WHY ARE WE HERE?

13 years’ ago while on a 3-week work assignment with the United Nations in Nairobi, Kenya, I walked into Mama Ngina children’s home; and my life changed forever. As I entered the nursery, a bubbly one year old boy, gripping the side of his crib, called out to me.  I was magnetically drawn to him, and when he lay contentedly in my arms , it felt like a homecoming.  He was the essence of calm, self-possession, and solidity – powerfully evocative of my father who had recently passed.  It was here that I would fulfill my yearning to be a mother. The Home assured me that he was healthy; but I went through a more formal medical evaluation, preliminary to the adoption process.  And the eventual news that he had sickle cell disease punctured my new, joyous reality.

Sickle cell disease is the most common genetic disorder in the world; present on four continents.   As you may know, it is prevalent among Africans and the African diaspora - in particular, the USA, Brazil, and the Caribbean. 1 in 12 African Americans carries the trait; 1 in 500 Americans has the disease. The disease results from both parents carrying the trait. It is a disease of the red blood cells which shortens their life span and alters them to the sickle shape. Because sickle shaped red blood cells can block blood flow, oxygen is not delivered to vital organs in many parts of the body, and a number of complications can result including stroke, and a high rate of infections.  Patients suffer excruciating pain attacks, known as sickle cell pain crises which are indescribable and only respond to narcotic pain killers.  Early diagnosis is critical to saving life – since only then can the interventions be introduced without which the infants’ systems are vulnerable to deathly complications

“Shikuri – braving blood draws during admission for sickle cell pain crisis during 10-day admission at NY Presbyterian,  May 2015 in New York”

“Shikuri – braving blood draws during admission for sickle cell pain crisis during 10-day admission at NY Presbyterian,  May 2015 in New York”

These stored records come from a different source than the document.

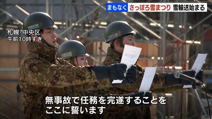 雪輸送の開始式には、雪像づくりを担当する陸上自衛隊の隊員らが参加しました。
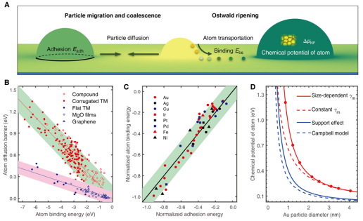图1.烧结机理和标度关系。(A)粒子迁移团聚与熟化示意图;(B)金属原子在载体上的扩散能垒与金属原子在载体上吸附能间的标度关系;(C)约化的金属原子吸附能和金属纳米粒子与载体的粘附能间的标度关系;(D)负载金属纳米粒子的化学势随尺寸的变化关系。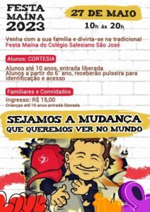 No dia 27 de maio realizaremos a tão esperada Festa Maína, este ano o tema é “Sejamos a mudança que queremos ver no mundo”. Nossos estudantes já estão fazendo valer a pena, não perca a festa mais gostosa e tradicional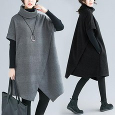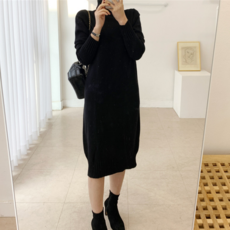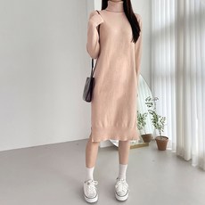 [바니드] 여성 목폴라 트임 원피스 베이직 단색 니트 루즈핏 0919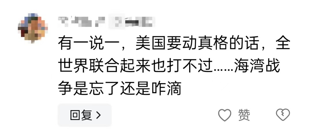 他认为从海湾战争可以看出,即便是世界各国联手也打不过美国,只不过是美国现在还没动真格罢了。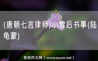 (唐朝七言律師)小雪后書事(陸龜蒙)由易優(yōu)作文(易優(yōu)悅讀)為大家精心整理發(fā)布,學作文,學閱讀,提升語文閱讀寫作能力,就來易優(yōu)悅讀。作文培訓,閱讀培訓,易優(yōu)悅讀助力每個孩子成為語文學霸。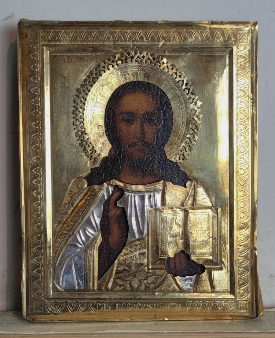 Christ Pantocrator refers to a specific depiction of Christ. The most common translation of Pantocrator is "Almighty" or "All-powerful". In this understanding, Pantocrator is a compound word formed from the Greek words for "all" and the noun "strength" (κρατος). This is often understood in terms of potential power, i.e., the ability to do anything, omnipotence. The iconic image of Christ Pantocrator was one of the first images of Christ developed in the Early Christian Church and remains a central icon of the Eastern Orthodox Church. In the half-length image, Christ holds the Gospels in his left hand and makes the blessing gesture with his right. The Gospels are opened on Matthew 11:28 “Come unto me, all ye that labor and are heavy laden, and I will give you rest.”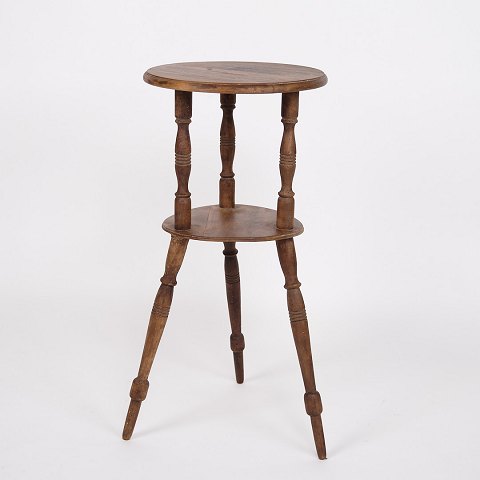 Antique pine side/flower table from the 1880s. Two-tier with turned legs.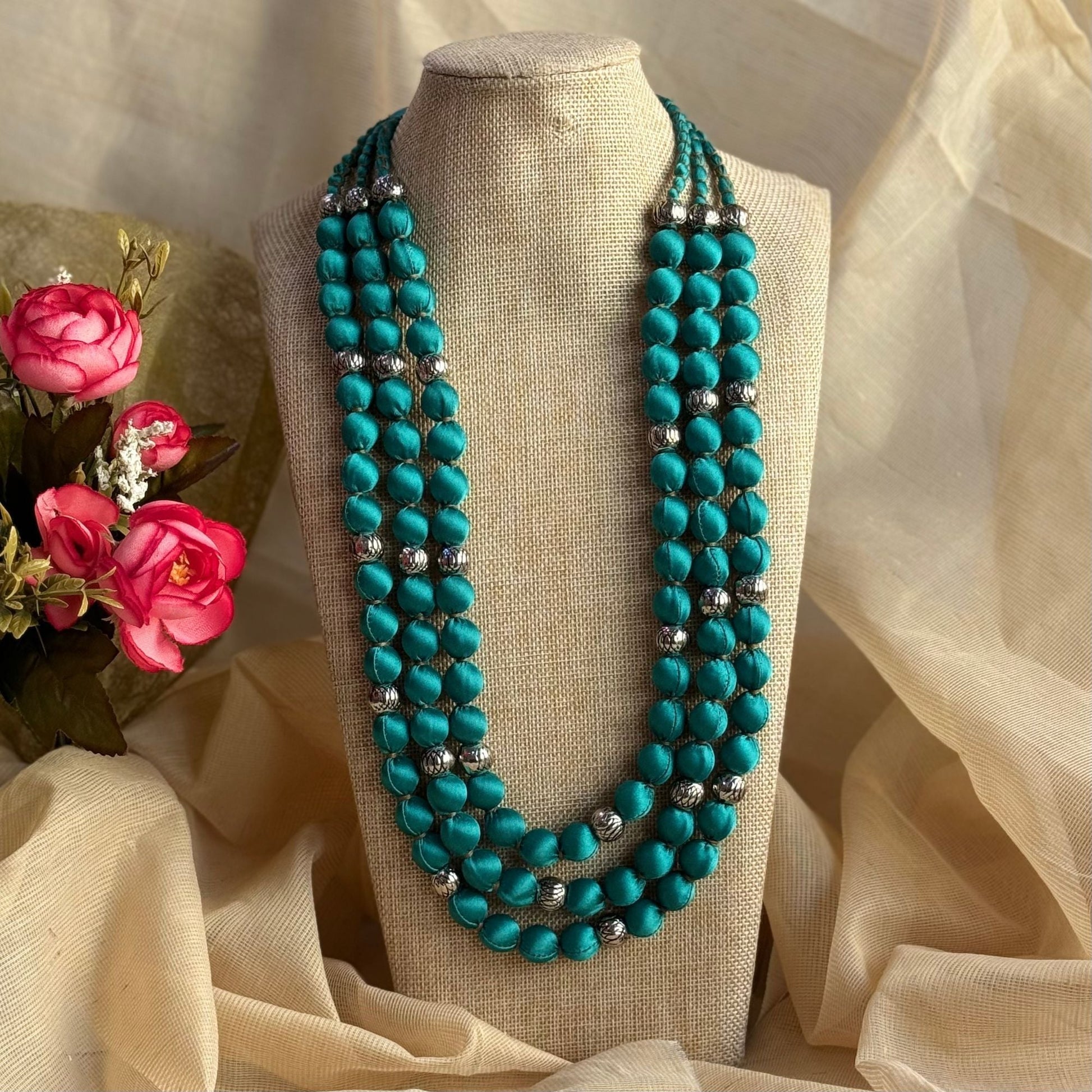 3 layer handmade fabric beaded necklace in satin highlighted with metal beads and comes with an adjustable clasp. This zero-waste neckpiece is light and comfortable to wear and blends well with indian and western wear. Comes packed in a fabric pouch and is a perfect gifting option.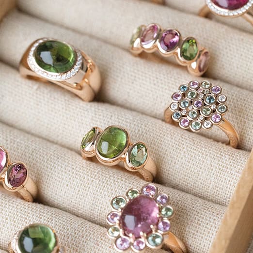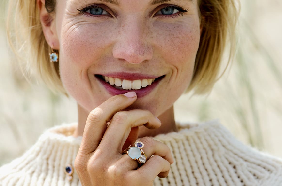 Seltene Edelsteine sind der niederländischen Schmuckdesignerin Helen Bron hier ins Netz gegangen. London Blue Topas, sanftgrüner Aventurin oder rosafarbener Turmalin leuchten auf den minimalistischen Ringen der Kollektion Catch. Und tatsächlich sieht es so aus, als hätten die vier kleinen Krappen sich den Edelstein gerade geschnappt, um ihn nicht wieder loszulassen. Ein toller Fang!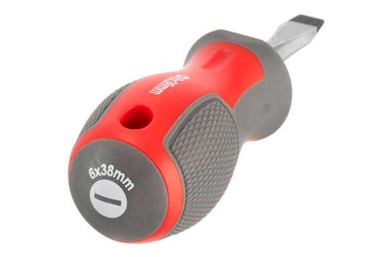 Викрутка виготовлена за останніми технологіями і відповідає високим запитам майстрів. Призначена для монтажу і демонтажу різьбових з'єднань з типом шліца SL6. Така викрутка стане відмінним помічником в домашньому арсеналі інструменту, а також у власній майстерні, на виробництві. Висока якість стали Стрижень викрутки виготовлений з міцної Cr-V стали, яка відома всім майстрам своєю надійністю і витривалістю. У складі цієї стали присутні хром і ванадій, які надають виробу високу стійкість до зношування. Також сталь відрізняється довговічністю і не схильна до крихкого руйнування. Конструкція викрутки продумана до дрібниць Стрижень глибоко посаджений в рукоятку і кріпитися в двох місцях, що виключає можливість зриву. Намагнічений наконечник Викрутка має посилений магнітний наконечник, який утримує кріплення і полегшує роботу в важкодоступних місцях. Зручна рукоятка Форма ручки забезпечує максимальну ефективність від прикладеного зусилля. Прорезиненная двокомпонентна рукоятка зручно лежить в руці і не вислизає з долоні. Яскрава маркування на кінці дозволяє швидко знайти необхідний тип і розмір викрутки. Матеріал стержня викрутки: Cr-V сталь; Матеріал рукоятки: двокомпонентна, прогумована; Довжина викрутки: 38 мм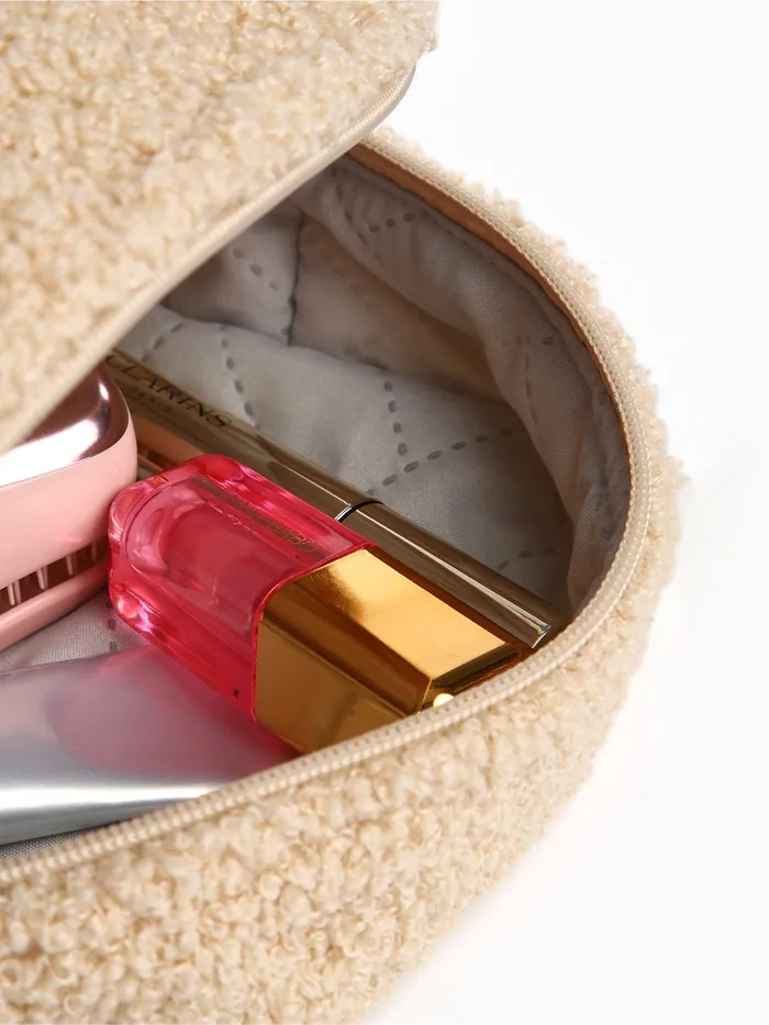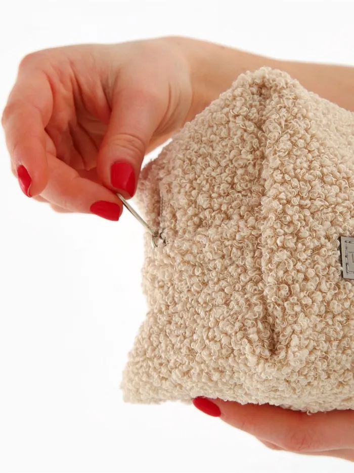 Косметичка женская на молнии TEXTURA, объёмная, плюшевая, бежевая — Характеристики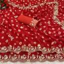 Embroidered Bandhani Georgette Saree (Red)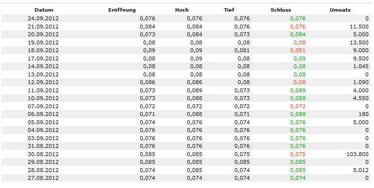 | Datum | Eröffnung | Hoch | Tief | Schluss | Umsatz |

 I was catapulted into this new reality.   Despite everything, I became gradually convinced that I would be responding to a higher imperative by providing him a mother’s loving care and home.  It was the defining decision of my life:  We gave each other the gift of family. Over the past 13 years, as many of you know, my son has fought several medical battles and pain bouts but thanks to developments in medical care and a vigilant mom, his prognosis is good; and he can now be a normal, exasperating teenager. After taking a work sabbatical in December 2013,  I threw my energies into exploring whether there was now an early diagnosis program in Kenya and if the health status of children with sickle cell had improved . I was unprepared for the grimstatistics on children with SCD in Kenya and indeed much of Sub Saharan Africa (SSA) . In the regions where it is prevalent the World Health Organization estimates  that 80-90 % die before the age 5 due to the lack of viable medical care and diagnosis.   Despite having been declared a public health priority in Sub Saharan Africa by WHO, most countries , do not have dedicated health delivery systems for it. Having experienced first hand my son’s pain and anguish, I was galvanized into action to try to make a difference to children beyond help’s reach.

Thus was founded the Shikuri project, named after my son, as a Charitable Trust to give children with sickle cell disease, in underserved communities, in Kenya and eventually other parts of Africa, the health care to survive.